Null Hypothesis: My model is fair. The false negative rate for states with a Republican control as the same as states with a Democratic control.
Alternative Hypothesis: My model is unfair. The false negative rate for Republican controlled states is higher.
Justification of Measure and Hypothesis: I believe that states with a Republican control are more likely to have a false negative rate because they are less likely oriented towards data collection efforts due to their (and their voting bases') lack of emphasis on using scientific techniques as preventative measures. So Democrat controlled states are also more likely to provide data and hence I believe a higher proportion of particular causes will be correctly classified so they will have a lower false negative rate.

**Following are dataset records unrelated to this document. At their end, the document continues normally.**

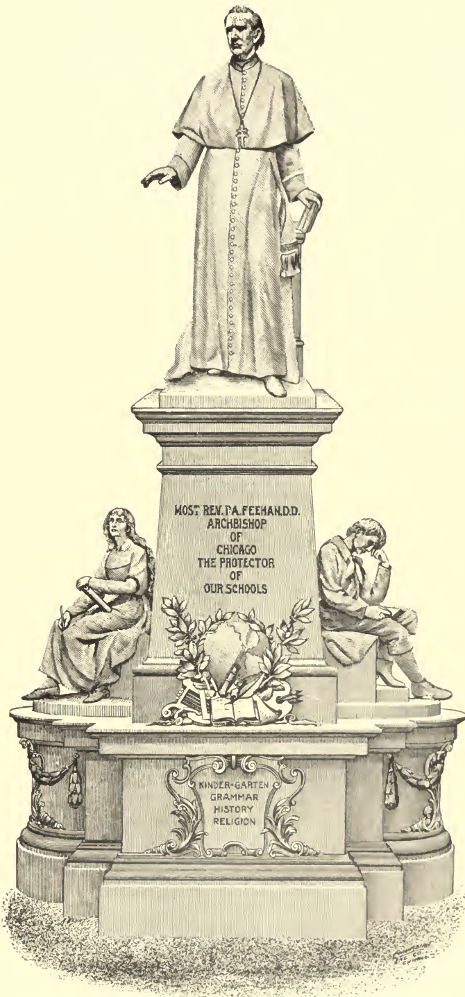
STATUE OF ARCHBISHOP FEEHAN IN CARRARA MARBLE, GIFT OF THE CLERGY OF CHICAGO. ON EXHIBITION AT CATHOLIC EDUCATION EXHIBIT AT WORLD'S FAIR.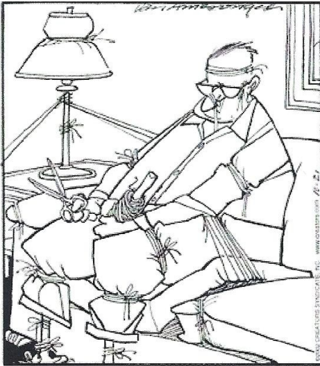
Ted's getting frantic for some sort of "self-management" impulse.

Copyright © 2002 Creators Syndicate, Inc.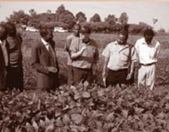
Front cover: TSBF-CIAT scientists and policy makers visit our field sites in western Kenya.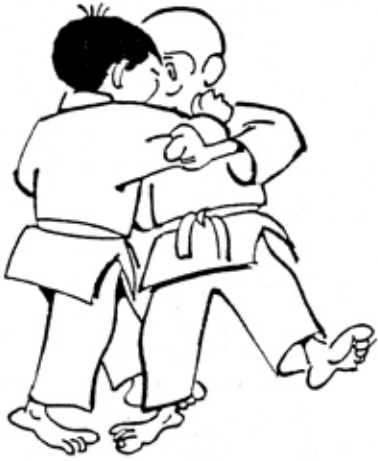
KO - SOTO - GAKE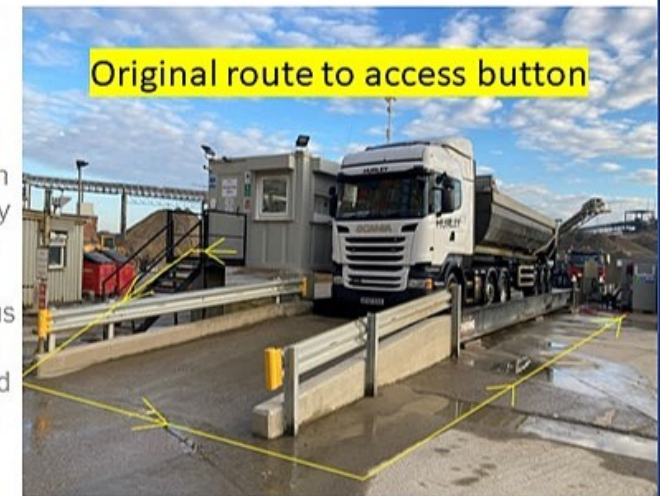
Original route to access button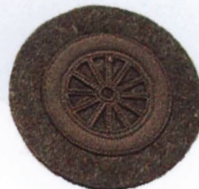
24. ASSISTANT CHAUFFEUR.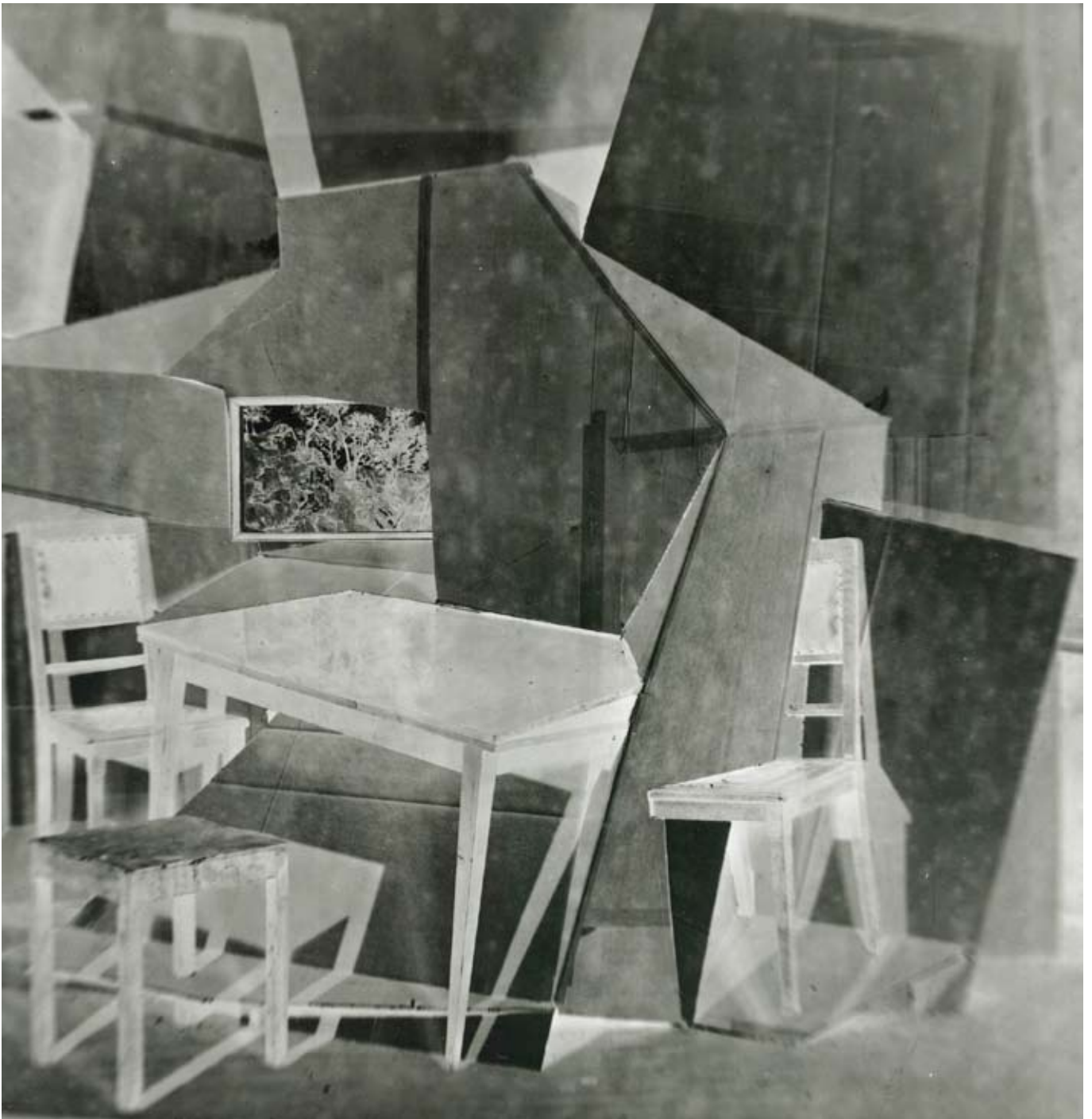
Kulissenphoto Series (2), 2001/2006 b/w photography with pinhole camera ca. 95 x 95cm Edition of 3/ 1+ AP

I did not select demographic parity because we cannot assume that the proportion of times the classifier predicts the cause correctly is independent of political control because Democratic states geographic locations are correlated with cause as learned through project three.
Political Affiliation Data: I found a dataset from https://worldpopulationreview.com/state-rankings/states-by-political-party that highlights each states political affiliation through data that includes "legislative majority paired with governor control (as seen in the table above), party affiliation of each state's governor, senate, and house, and percentage of adults who identify as a democrat, republican, or neither".
Results: With a p value of .147 through 1000 iterations in a permutation test, I fail to reject the null hypothesis that my model is fair for Republican states and Democratic states using a parity measure of false negative rate.